Kinect SDK 1 - Skeletons
Written by Mike James   
Article Index
Kinect SDK 1 - Skeletons
Using the GDI
Joints
From 3D to 2D

The ability to extract and track the positions of the human body is a remarkable feature of the Kinect, but how do you use it? It seems more complicated than the more basic video and depth outputs. Fortunately, once you understand the structure of the data returned, it isn't much more involved. We look at the simplest possible example.

Practical Windows Kinect in C#
Chapter List

  1. Introduction to Kinect
  2. Getting started with Microsoft Kinect SDK 1
  3. Using the Depth Sensor
  4. The Player Index
  5. Depth and Video Space
  6. Skeletons
  7. The Full Skeleton
  8. A 3D Point Cloud

In this chapter, we make explicit use of the basic information described in chapter two, in particular the how to display a video image and some of the ideas in chapter 5 on converting between co-ordinate systems.

Working with skeletons

One of the big attractions of the Kinect is that it not only provides raw video and depth data, but also the way that it processes it to produce player indexes - see chapter 4  - or even complete skeletons of each player.

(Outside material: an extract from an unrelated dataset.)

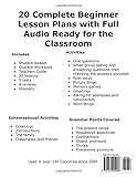 - 20 Beginners ESL Lesson Plans with full audio - Ready for the Classroom Includes full audio, and video! 3 books - Student reader, student workbook and complete teacher guide! Our curriculum is used in over 100 countries since 2005 Includes:5 tests, 4 reviewsStudent Reader - with games, role plays, oral questions & small group activitiesStudent Workbook - role play, written activitiesTeacher Guide - full instructions, answers to written activities, and conversational activitiesFun and Engaging Conversational Activities and Role Plays like: GreetingsIntroductionsThe familyTaking to classmates and friendsActivities and Games include Oral questionsSmall group asking and answering questions then checking the answers providedRole-playsPicture BingoMemory gamesGreetingsAsking for addresses and nationalitiesWord Bingo
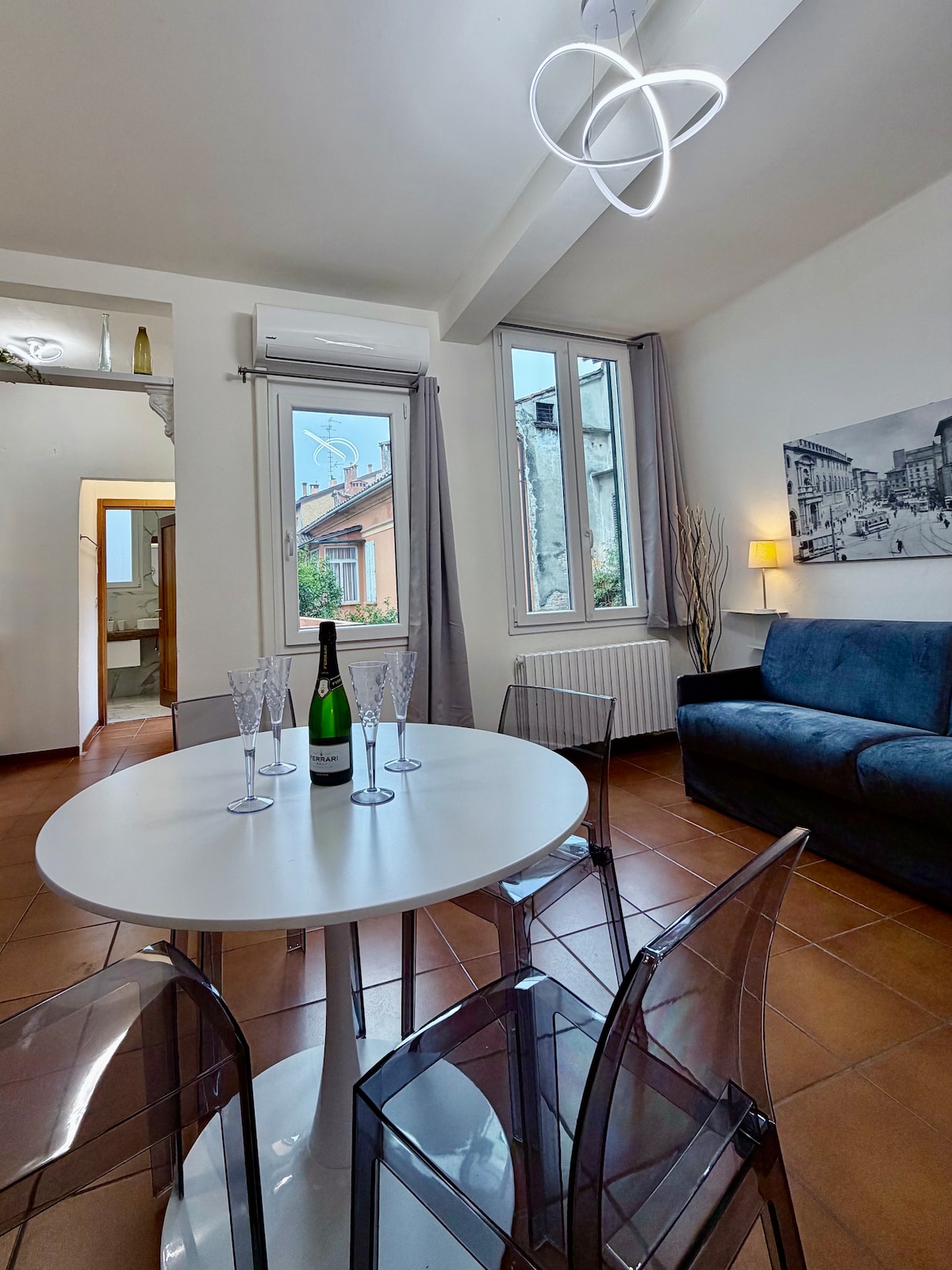 Alójate en un apartamento luminoso, recientemente reformado, elegante y confortable con un aspecto moderno situado dentro de un edificio histórico en el precioso centro histórico. Estás a pocos pasos de Osteria Francescana, el mercado de alimentos Mercato Albinelli, la plaza principal y el Duomo del siglo XII. El casco antiguo es transitable y ofrece buena comida, lugares de interés y tiendas. Desde Módena, también puedes viajar fácilmente en tren a Bolonia, Milán, Roma, Florencia y Venecia. ¡Esperamos que disfrutes de nuestro hogar lejos de casa!

Using the skeleton engine seems more difficult than using the other facilities simply because what is detected is a skeleton - an apparently complex data structure. In fact calling it a skeleton is most of the problem. As will become clearly it is in fact much simpler than you might think. 

To example how it all works we are going to construct the simplest possible example. There are a number of example programs that show you how to display a complete skeleton complete with different color coding for different limbs. This is impressive but it doesn't make it easy to see what the operating principles are. The example program in this article does just one thing - it tracks a players head. This might not seem as impressive but it is easy to follow and once you can track a head the rest of the body, the complete skeleton becomes easy.

First the video

We first need to construct a program that displays the video from the camera so that we can mark the position of the player's head. This just the basic video display program that was introduced in Chapter 2, so if you need detailed explanations of how it all works read that chapter.

Start a new C# Windows Forms project. A WPF-based project would be more or less the same, apart from the way way the bitmap was processed for display.

For simplicity we will use Windows Forms.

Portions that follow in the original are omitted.